(Dataset items)
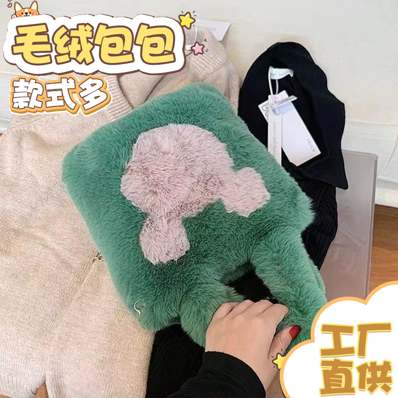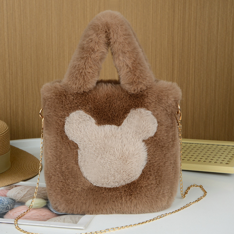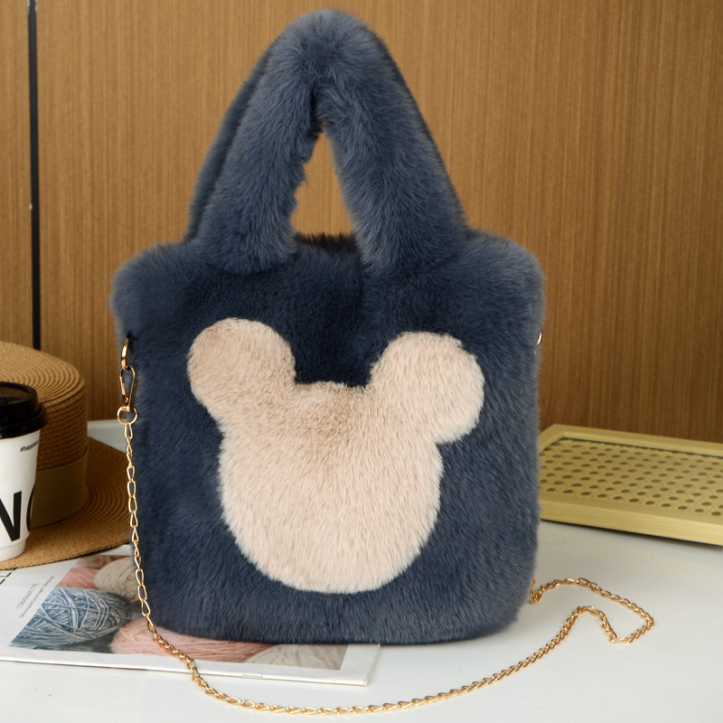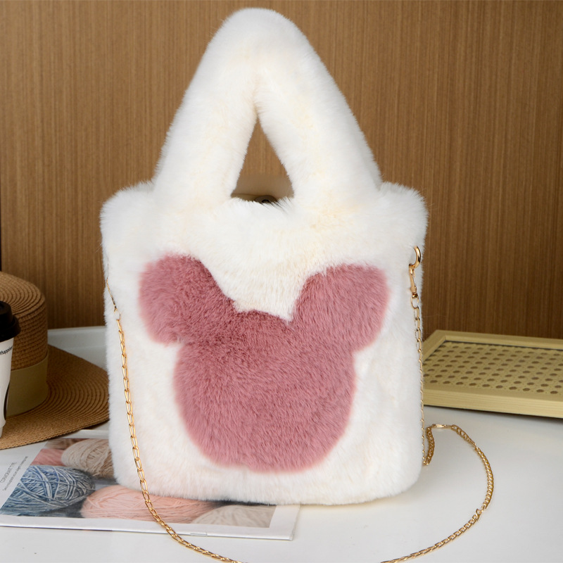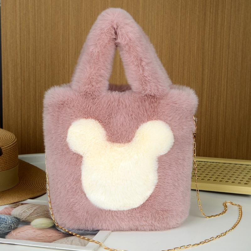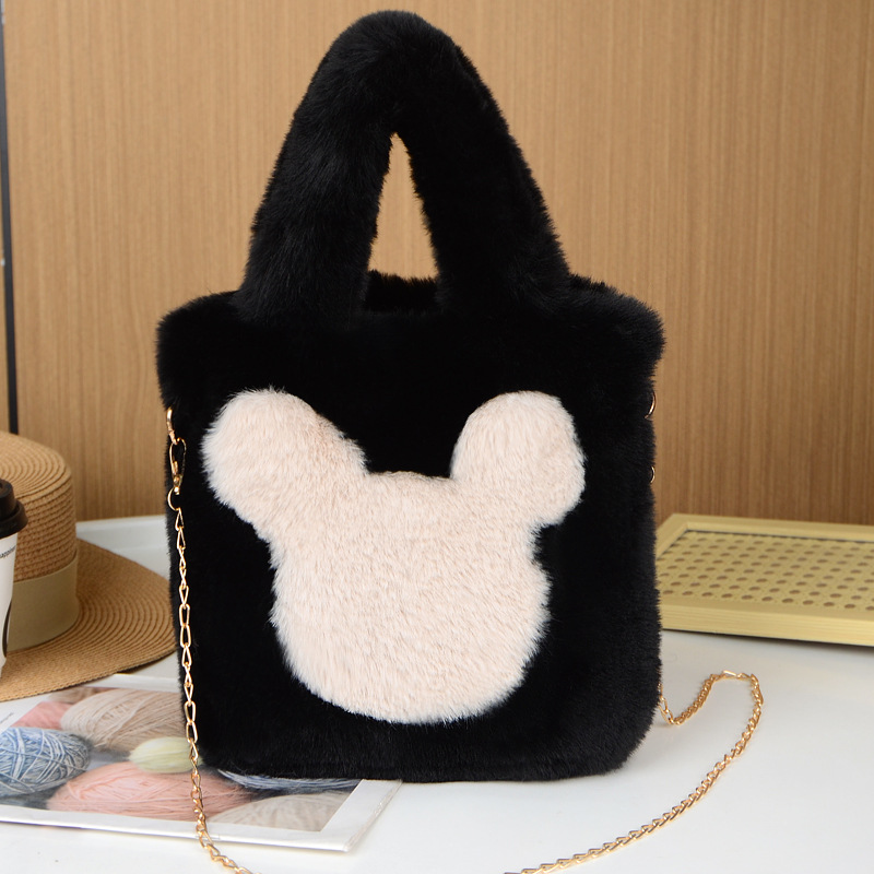 毛绒包单肩斜挎包米奇毛绒包包大容量通勤手提包托特包手拎收纳
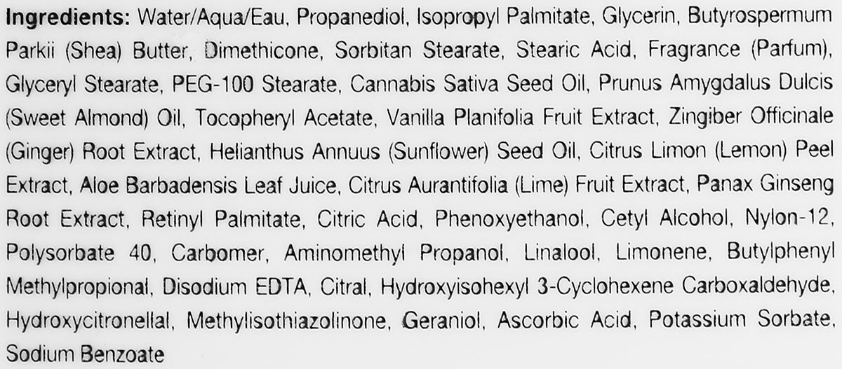 - Состав Экстракт семян конопли, протеины и аминокислоты конопли, витаминный комплекс A, C, E, экстракт ванили, имбиря
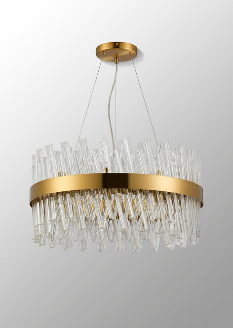 £525.00 + VAT (£630.00)Unit price /UnavailableVery low stock (3 units)Melville 60cm 18 Light G9, Pendant Round, Brass / Clear Item Weight: 16.81kg
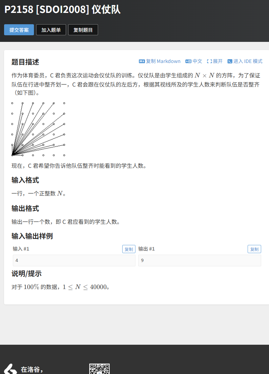 题目描述:仪仗队是由 N×N 的学生组成的方阵,C 君站在方阵的左后方(坐标 (0,0)),视线沿直线延伸。当且仅当学生站在坐标 (i,j)(1≤i,j≤N)且 i 和 j 互质时,C 君才能看到该学生。求 C 君能看到的学生总数。
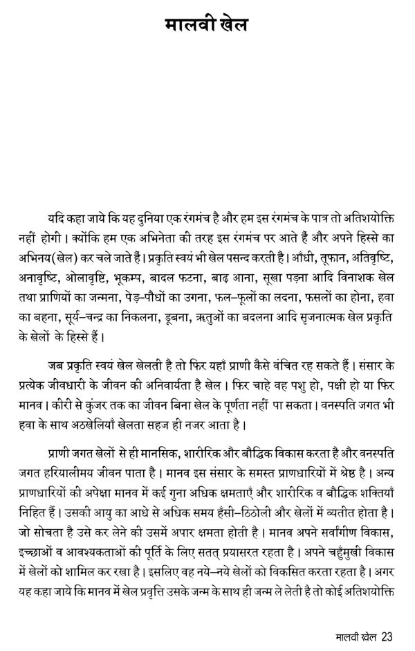 जहाँ-जहाँ इस धरती पर प्राणधारी है वहाँ-वहाँ संस्कृतियाँ विद्यमान हैं। फिर चाहे थलचर, नभचर हो या जलचर, इनमें मानवी संस्कृति सर्वोपरि हैं। मानवों में अनेकानेक संस्कृतियाँ फली-फूली हैं। यदि समझा और जाना जाये तो मानव की इन अनेक संस्कृतियों में से एक है-क्रीड़ा (खेल) परम्परा। जिसे जन्म से लेकर वृद्धावस्था तक वह अपनाता रहता है। संसार में यूँ तो असंख्य खेल है। परन्तु इस पुस्तक को एक विशेष भूखण्ड 'मालवांचल' की खेल परम्परा पर केन्द्रित किया गया है। मालवा भारत भूमि के मध्य में बसे मध्य प्रदेश के पश्चिमी भाग का भूखण्ड है, जहाँ अनेक जातिधर्म के लोग निवास करते हैं।

• _To do_
A verbatim copy of every record above is required, with all pictures omitted.

• _Output of the exercise_
 毛绒包单肩斜挎包米奇毛绒包包大容量通勤手提包托特包手拎收纳
 - Состав Экстракт семян конопли, протеины и аминокислоты конопли, витаминный комплекс A, C, E, экстракт ванили, имбиря
 £525.00 + VAT (£630.00)Unit price /UnavailableVery low stock (3 units)Melville 60cm 18 Light G9, Pendant Round, Brass / Clear Item Weight: 16.81kg
 题目描述:仪仗队是由 N×N 的学生组成的方阵,C 君站在方阵的左后方(坐标 (0,0)),视线沿直线延伸。当且仅当学生站在坐标 (i,j)(1≤i,j≤N)且 i 和 j 互质时,C 君才能看到该学生。求 C 君能看到的学生总数。
 जहाँ-जहाँ इस धरती पर प्राणधारी है वहाँ-वहाँ संस्कृतियाँ विद्यमान हैं। फिर चाहे थलचर, नभचर हो या जलचर, इनमें मानवी संस्कृति सर्वोपरि हैं। मानवों में अनेकानेक संस्कृतियाँ फली-फूली हैं। यदि समझा और जाना जाये तो मानव की इन अनेक संस्कृतियों में से एक है-क्रीड़ा (खेल) परम्परा। जिसे जन्म से लेकर वृद्धावस्था तक वह अपनाता रहता है। संसार में यूँ तो असंख्य खेल है। परन्तु इस पुस्तक को एक विशेष भूखण्ड 'मालवांचल' की खेल परम्परा पर केन्द्रित किया गया है। मालवा भारत भूमि के मध्य में बसे मध्य प्रदेश के पश्चिमी भाग का भूखण्ड है, जहाँ अनेक जातिधर्म के लोग निवास करते हैं।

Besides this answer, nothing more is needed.